**Exercise materials**
Content starts
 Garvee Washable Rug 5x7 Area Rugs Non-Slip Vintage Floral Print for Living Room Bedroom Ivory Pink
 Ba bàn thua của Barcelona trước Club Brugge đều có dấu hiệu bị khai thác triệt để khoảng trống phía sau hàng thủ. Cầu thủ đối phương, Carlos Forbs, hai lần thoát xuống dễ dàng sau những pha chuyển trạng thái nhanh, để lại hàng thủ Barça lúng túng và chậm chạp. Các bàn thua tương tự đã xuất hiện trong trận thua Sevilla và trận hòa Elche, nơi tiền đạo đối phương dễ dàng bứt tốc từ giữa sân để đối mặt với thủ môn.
Content ends
Content starts
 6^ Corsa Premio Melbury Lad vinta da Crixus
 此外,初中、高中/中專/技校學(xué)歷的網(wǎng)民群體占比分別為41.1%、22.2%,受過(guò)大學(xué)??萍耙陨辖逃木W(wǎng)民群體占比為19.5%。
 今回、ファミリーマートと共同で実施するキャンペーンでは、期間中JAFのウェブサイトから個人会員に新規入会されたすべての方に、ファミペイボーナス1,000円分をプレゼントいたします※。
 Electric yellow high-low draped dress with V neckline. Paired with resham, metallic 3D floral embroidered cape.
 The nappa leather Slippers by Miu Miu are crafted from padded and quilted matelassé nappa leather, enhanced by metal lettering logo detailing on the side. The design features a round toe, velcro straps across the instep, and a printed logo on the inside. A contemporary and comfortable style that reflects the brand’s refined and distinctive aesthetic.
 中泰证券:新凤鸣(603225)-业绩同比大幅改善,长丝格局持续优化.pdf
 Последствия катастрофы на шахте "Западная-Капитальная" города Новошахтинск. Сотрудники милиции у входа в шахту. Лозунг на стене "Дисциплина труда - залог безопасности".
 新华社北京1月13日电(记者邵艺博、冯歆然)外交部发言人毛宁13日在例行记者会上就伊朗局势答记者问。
Content ends
Content starts
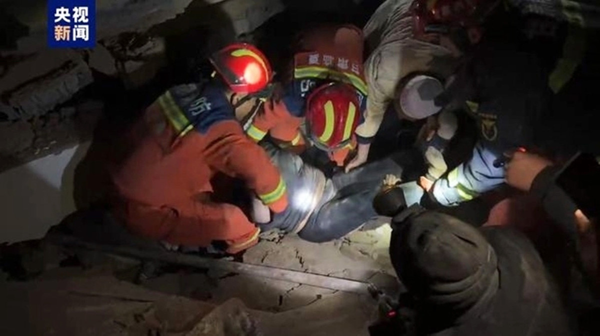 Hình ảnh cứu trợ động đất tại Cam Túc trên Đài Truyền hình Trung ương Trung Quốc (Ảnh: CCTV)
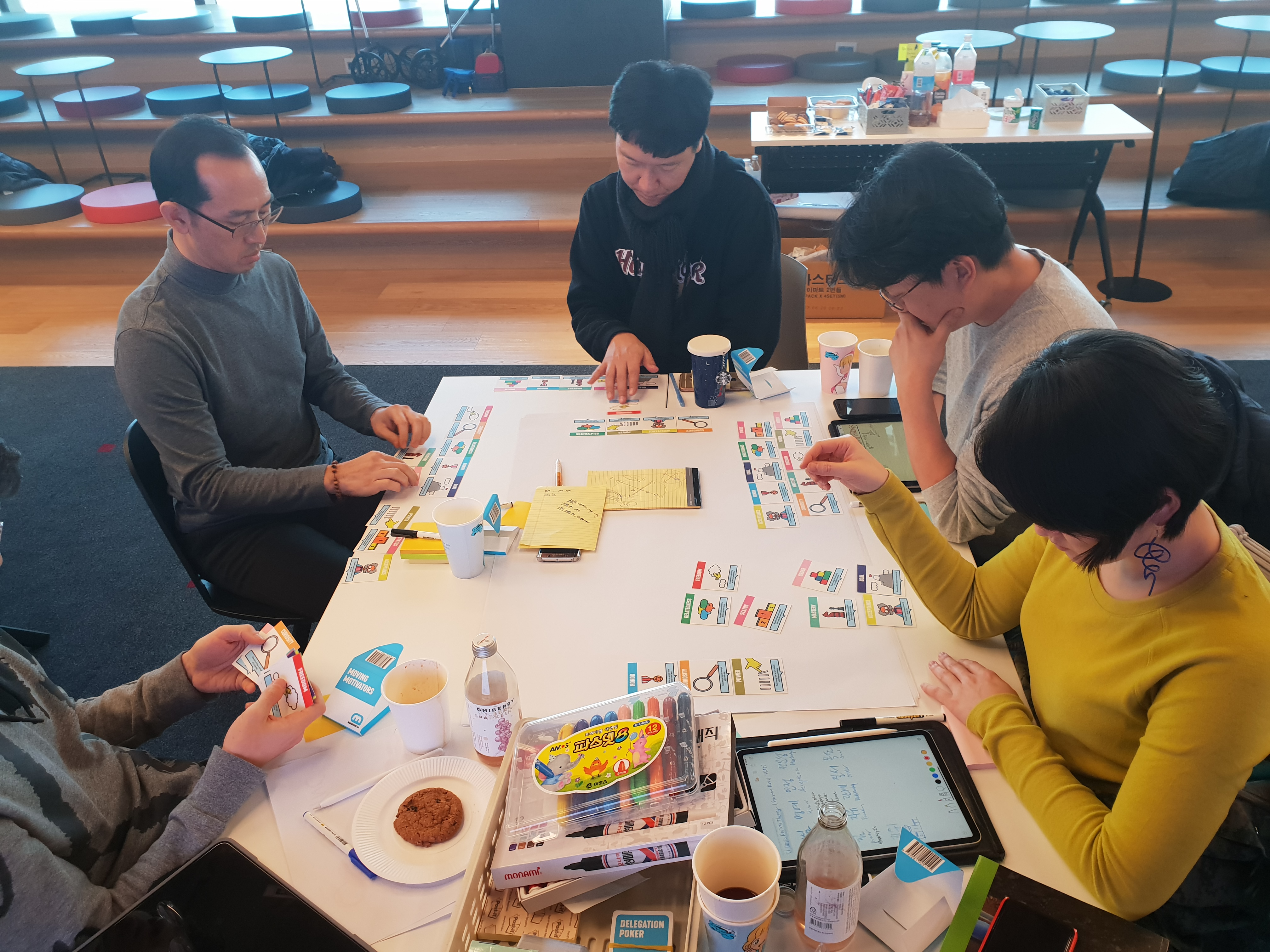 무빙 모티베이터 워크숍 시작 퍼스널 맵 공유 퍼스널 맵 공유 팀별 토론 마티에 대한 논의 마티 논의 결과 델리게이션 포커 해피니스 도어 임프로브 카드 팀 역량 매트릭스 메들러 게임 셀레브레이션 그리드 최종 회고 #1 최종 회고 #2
Content ends
**What you will do**
Take the line above containing "Последствия катастрофы на", the line containing "新华社北京1月13日电(记者", and all lines in between, and copy them exactly without anything else.

**Written answer**
 Последствия катастрофы на шахте "Западная-Капитальная" города Новошахтинск. Сотрудники милиции у входа в шахту. Лозунг на стене "Дисциплина труда - залог безопасности".
 新华社北京1月13日电(记者邵艺博、冯歆然)外交部发言人毛宁13日在例行记者会上就伊朗局势答记者问。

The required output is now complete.